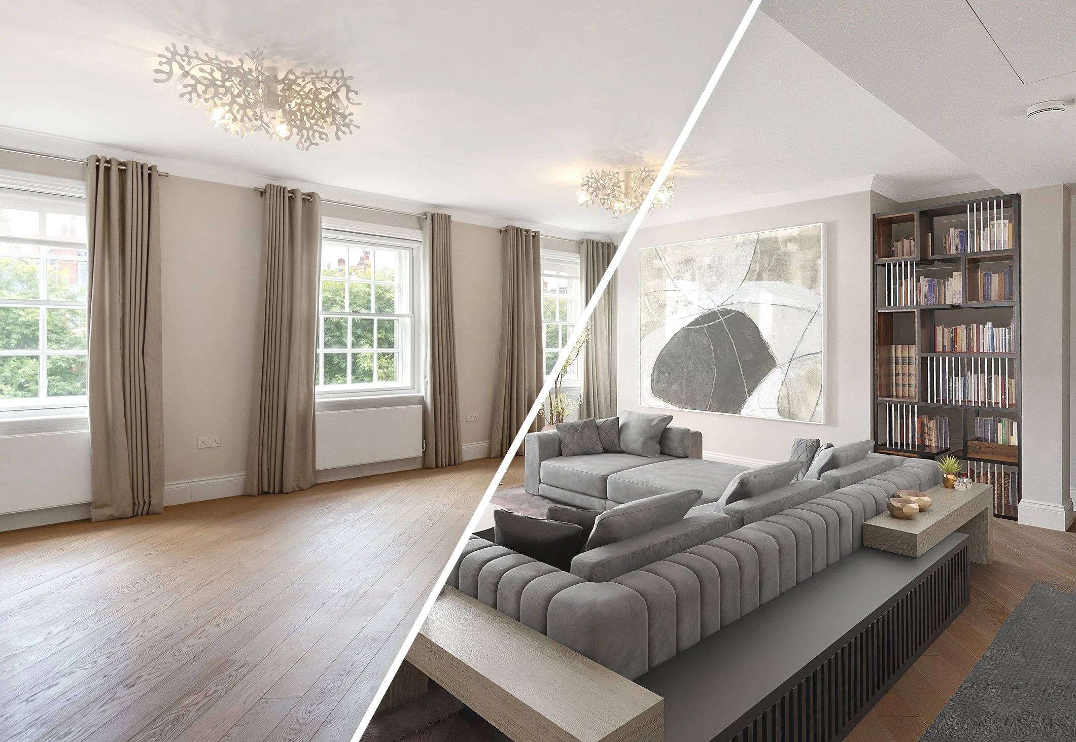 Our virtual staging service transforms empty or tired rooms into beautifully furnished spaces
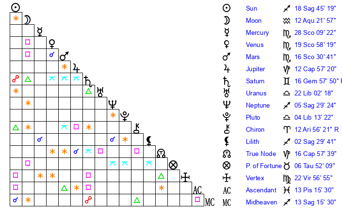 | Sun | 18 Sagittarius 45 | 18 Sagittarius 53 | 12 Aquarius 42 |
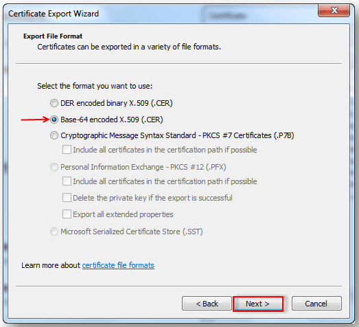 Select Base-64 encoded X.509 (.CER) in the File format window , then Next.
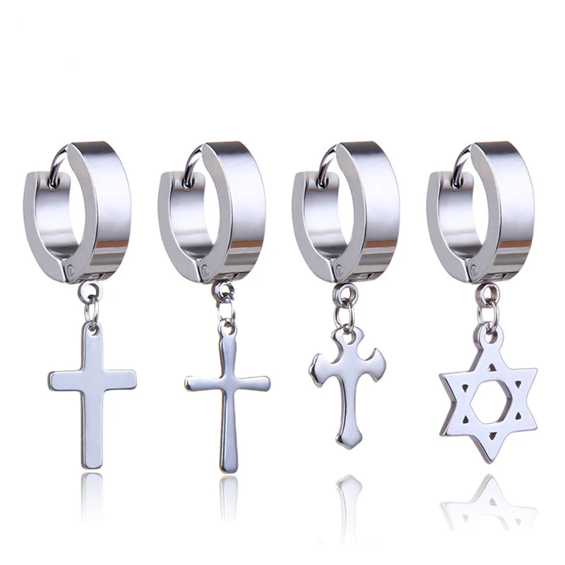 MxGxFam 316L серьги-подвески с крестом из титановой сталис шестью з...
▬▬▬▬▬▬▬▬▬▬
When you retype the data above, match every line exactly and leave the pictures behind.

 Our virtual staging service transforms empty or tired rooms into beautifully furnished spaces
 | Sun | 18 Sagittarius 45 | 18 Sagittarius 53 | 12 Aquarius 42 |
 Select Base-64 encoded X.509 (.CER) in the File format window , then Next.
 MxGxFam 316L серьги-подвески с крестом из титановой сталис шестью з...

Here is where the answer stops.